__TASK TO CARRY OUT__
Once you reach the line with "Was denken Frauen*" below, copy each line exactly, stopping after the line with "Готовая домашняя работа", and skip any pictures.

__DATASET EXTRACT__

BEGIN

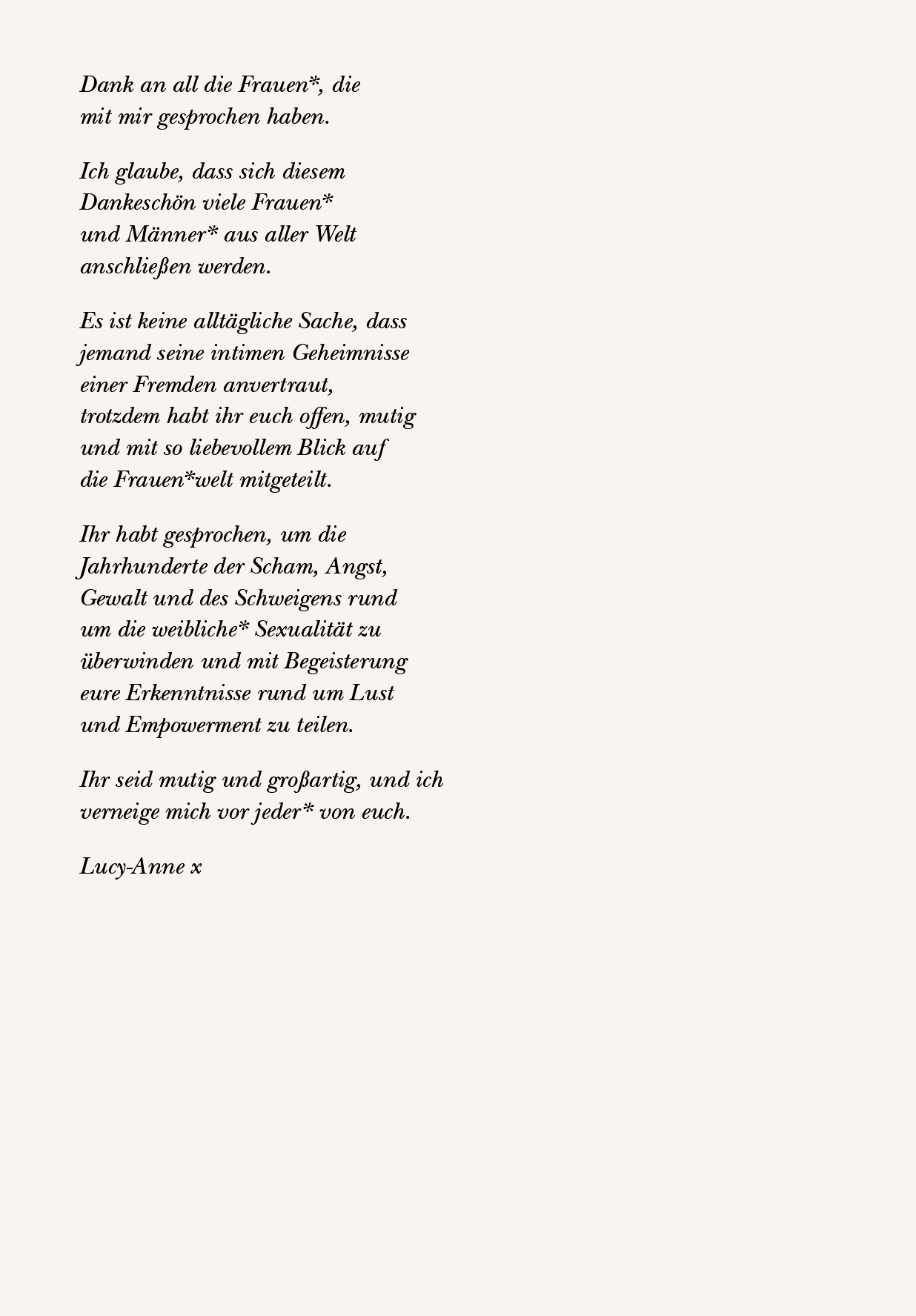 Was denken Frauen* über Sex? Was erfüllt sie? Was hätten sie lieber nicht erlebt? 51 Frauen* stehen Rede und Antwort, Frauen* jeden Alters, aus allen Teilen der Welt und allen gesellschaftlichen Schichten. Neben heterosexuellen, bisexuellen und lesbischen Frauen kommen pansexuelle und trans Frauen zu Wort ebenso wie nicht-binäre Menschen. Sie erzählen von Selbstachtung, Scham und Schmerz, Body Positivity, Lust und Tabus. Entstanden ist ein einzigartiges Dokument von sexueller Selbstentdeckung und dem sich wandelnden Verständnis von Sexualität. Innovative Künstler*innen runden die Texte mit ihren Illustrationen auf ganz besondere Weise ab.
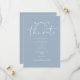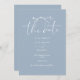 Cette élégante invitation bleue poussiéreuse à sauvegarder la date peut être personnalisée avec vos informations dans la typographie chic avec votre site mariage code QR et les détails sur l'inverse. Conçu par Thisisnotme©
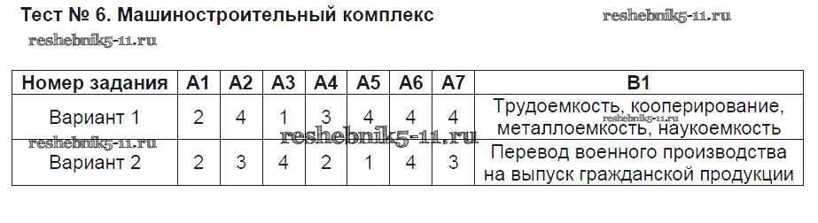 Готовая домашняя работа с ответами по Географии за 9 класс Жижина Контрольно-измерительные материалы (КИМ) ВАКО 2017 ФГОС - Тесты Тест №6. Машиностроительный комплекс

END
BEGIN

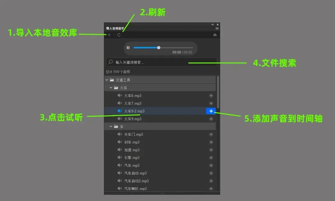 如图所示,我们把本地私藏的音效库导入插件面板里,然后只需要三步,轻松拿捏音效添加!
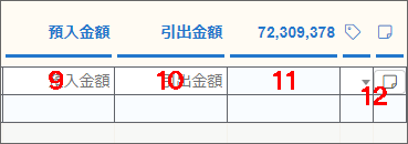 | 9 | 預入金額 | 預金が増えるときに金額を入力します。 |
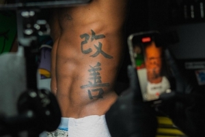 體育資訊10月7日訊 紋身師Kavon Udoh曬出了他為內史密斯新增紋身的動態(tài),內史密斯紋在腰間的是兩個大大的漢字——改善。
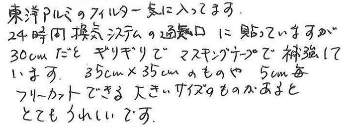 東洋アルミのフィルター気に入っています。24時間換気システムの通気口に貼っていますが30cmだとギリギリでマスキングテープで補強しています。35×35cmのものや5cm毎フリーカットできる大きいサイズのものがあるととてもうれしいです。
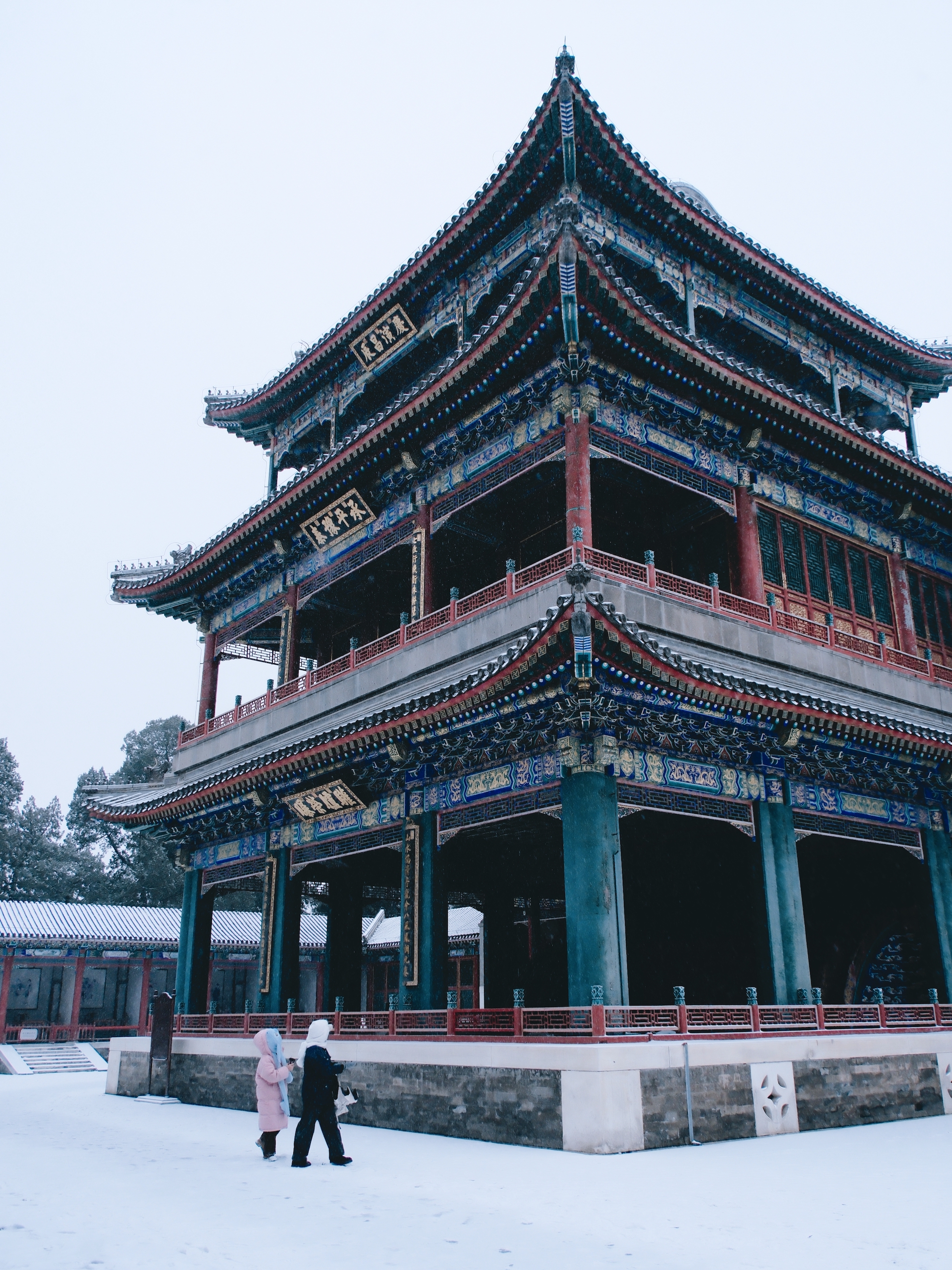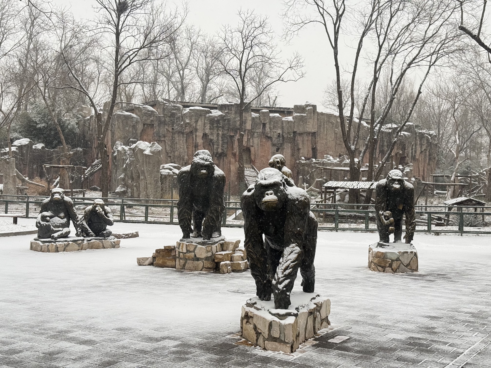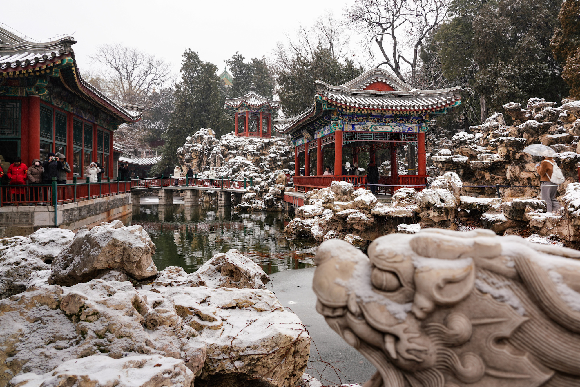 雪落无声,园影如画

END

__ANSWER SECTION__
 Was denken Frauen* über Sex? Was erfüllt sie? Was hätten sie lieber nicht erlebt? 51 Frauen* stehen Rede und Antwort, Frauen* jeden Alters, aus allen Teilen der Welt und allen gesellschaftlichen Schichten. Neben heterosexuellen, bisexuellen und lesbischen Frauen kommen pansexuelle und trans Frauen zu Wort ebenso wie nicht-binäre Menschen. Sie erzählen von Selbstachtung, Scham und Schmerz, Body Positivity, Lust und Tabus. Entstanden ist ein einzigartiges Dokument von sexueller Selbstentdeckung und dem sich wandelnden Verständnis von Sexualität. Innovative Künstler*innen runden die Texte mit ihren Illustrationen auf ganz besondere Weise ab.
 Cette élégante invitation bleue poussiéreuse à sauvegarder la date peut être personnalisée avec vos informations dans la typographie chic avec votre site mariage code QR et les détails sur l'inverse. Conçu par Thisisnotme©
 Готовая домашняя работа с ответами по Географии за 9 класс Жижина Контрольно-измерительные материалы (КИМ) ВАКО 2017 ФГОС - Тесты Тест №6. Машиностроительный комплекс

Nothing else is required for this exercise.